Give an exact transcription limited to the lines from the one with "To give a distinctive" through the end of the entries, including both; no pictures belong in it.
─── Exercise material ───
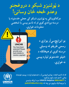 ٥. د شخصي شمېرو یا ایمیلونو په اړه محتاط اوسئ: که تاسو د WhatsApp په شخصي شمېره یا د شخصي ایمیل څخه (چې د رسمي سازمان ډومین نه وي) پیغام ترلاسه کړئ، نو دا فریب دی او باور وړ نه دی. هر وخت ډاډه اوسئ چې هر ډول اړیکه د تایید شوي او رسمي اړیکو څخه راغلې وي. د یو اېن ایچ سی آر ایمیل تل په ‘unhcr.org@’ پای ته رسيږي. د عامو پلیټ فارمونو لکه gmail.com، hotmail.com، yahoo.com، یا outlook.com څخه ایمیلونه رسمي نه دي او باید له پامه وغورځول شي. په دې پیغامونو ځواب مه ورکوئ او سمدلاسه یې د یو اېن ایچ سی آر ته راپور کړئ.
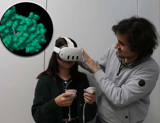 Studierende des Bachelorstudiengangs „Angewandte Biologie“ durften nun als Erste die VR-Szenarien testen: Im Rahmen einer Vorlesung, die sich unter anderem mit Aspekten der Chemoinformatik befasst, untersuchten sie mithilfe von VR-Brillen Wirkmechanismen klassischer Wirkstoffe. Im Fokus standen dabei die Krebstherapeutika Imatinib und Sotorasib sowie die neuartige Wirkstoffklasse der PROTACs (Proteolysis Targeting Chimeras) und deren jeweilige Zielmoleküle. „Durch die VR-Szenarien kann den Studierenden auf ganz plastische Weise vermittelt werden, wie passgenau Wirkstoffe an Ihr Zielmolekül binden“, erklärt Nicolas Werbeck. Auch die unterschiedlichen Wirkmechanismen veranschaulichen die 3D-Modelle eindrücklich, beinahe zum Greifen nah.
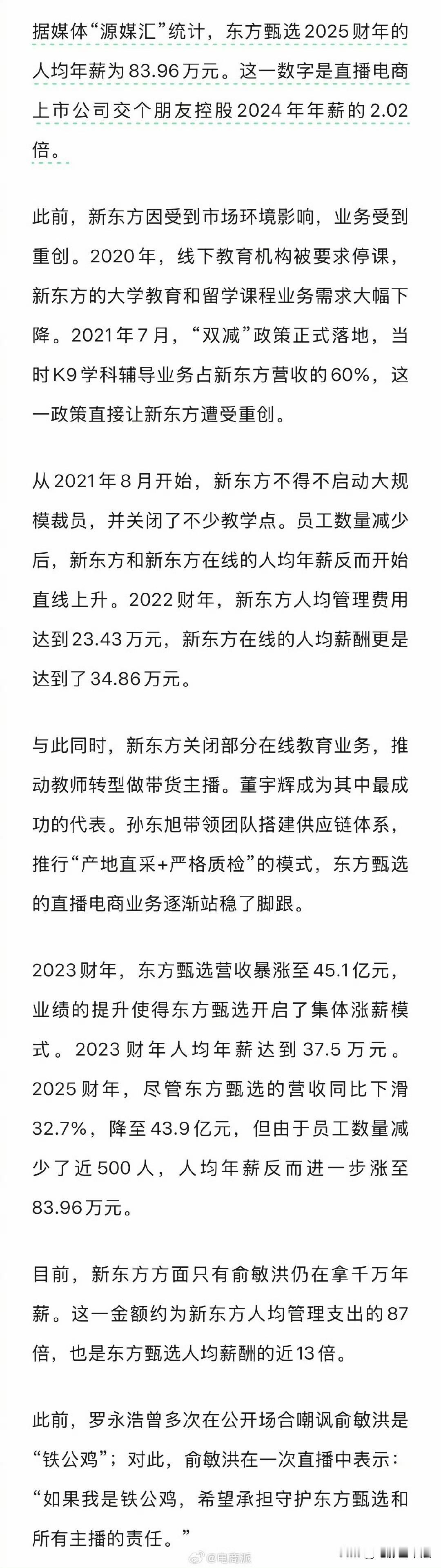 罗永浩被打脸了!东方甄选2025年人均年薪为83.96万,是交个朋友2024年人均年薪的2.02倍。有些人抖机灵,用“我和马云人均亿万富翁”来质疑这个数字,殊不知,新东方老师的年薪本来就非常高,俞敏洪给员工的工资远远高于行业平均水准,要是这点信息都不掌握还在抖机灵,那就是幼稚了。 很好奇与辉同行和交个朋友的2025人均年薪,罗永浩和董宇辉这么大方,这个数字不会低于83.96万吧。
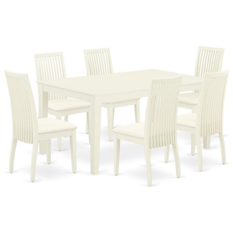 To give a distinctive and sophisticated look to your dining area, bring this exclusive CAIP7-LWH-C dinette set includes a rectangular table and six kitchen chairs. The fresh and clean lines dominate the cutting-edge design of the rectangular dining table.
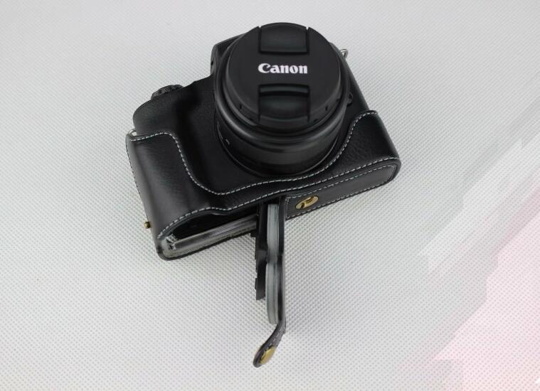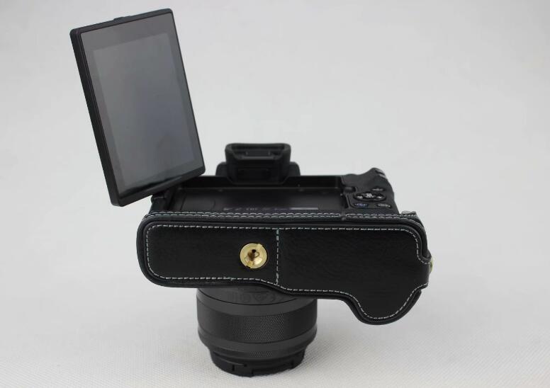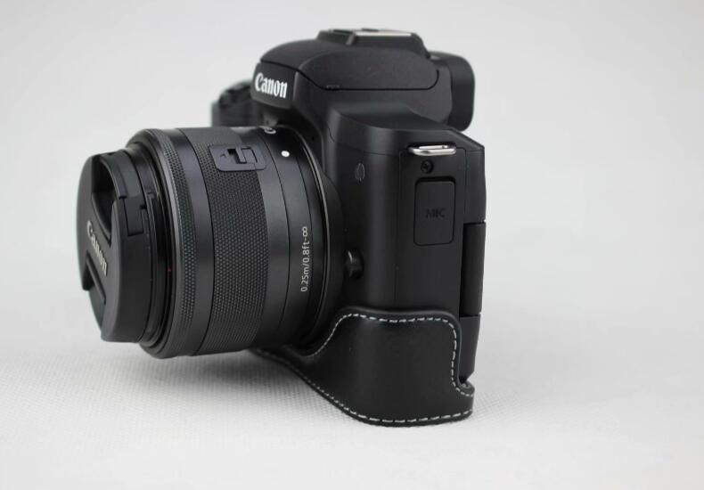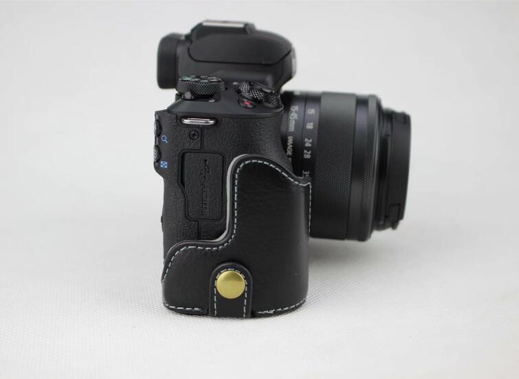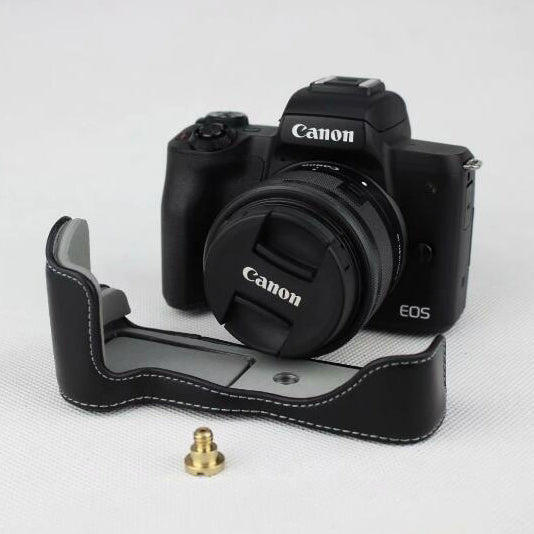 Genuine Leather Half Bottom Camera Case for for Canon EOS M50 - Black
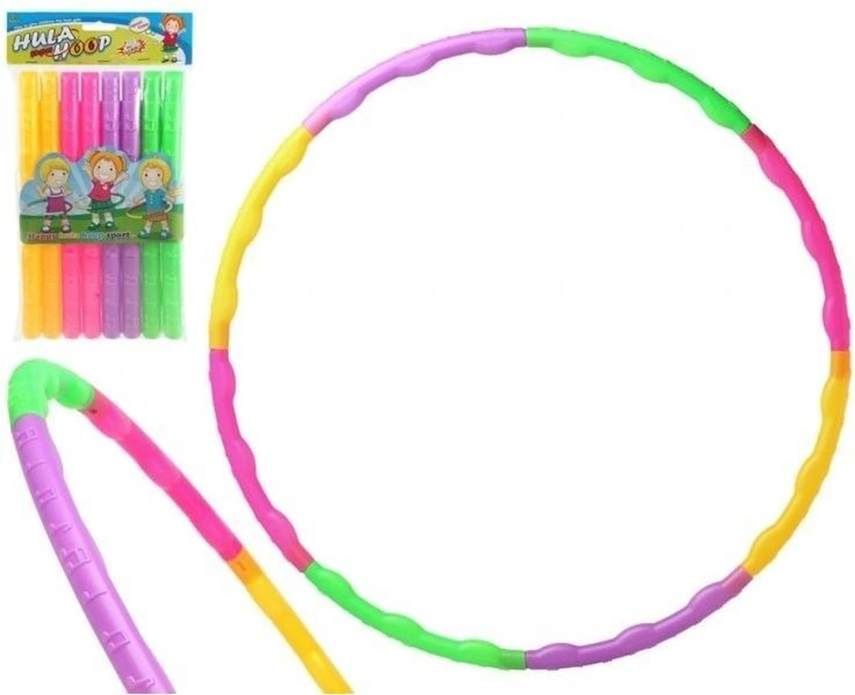 Speelgoed hoelahoep gekleurd voor kinderen. Vrolijke gekleurde hoepel, bestaande uit losse onderdelen. U zet de hoepel gemakkelijk zelf in elkaar. De hoepel heeft dan een doorsnede van ongeveer 65 cm. Materiaal: plastic.
───
## Reply
 To give a distinctive and sophisticated look to your dining area, bring this exclusive CAIP7-LWH-C dinette set includes a rectangular table and six kitchen chairs. The fresh and clean lines dominate the cutting-edge design of the rectangular dining table.
 Genuine Leather Half Bottom Camera Case for for Canon EOS M50 - Black
 Speelgoed hoelahoep gekleurd voor kinderen. Vrolijke gekleurde hoepel, bestaande uit losse onderdelen. U zet de hoepel gemakkelijk zelf in elkaar. De hoepel heeft dan een doorsnede van ongeveer 65 cm. Materiaal: plastic.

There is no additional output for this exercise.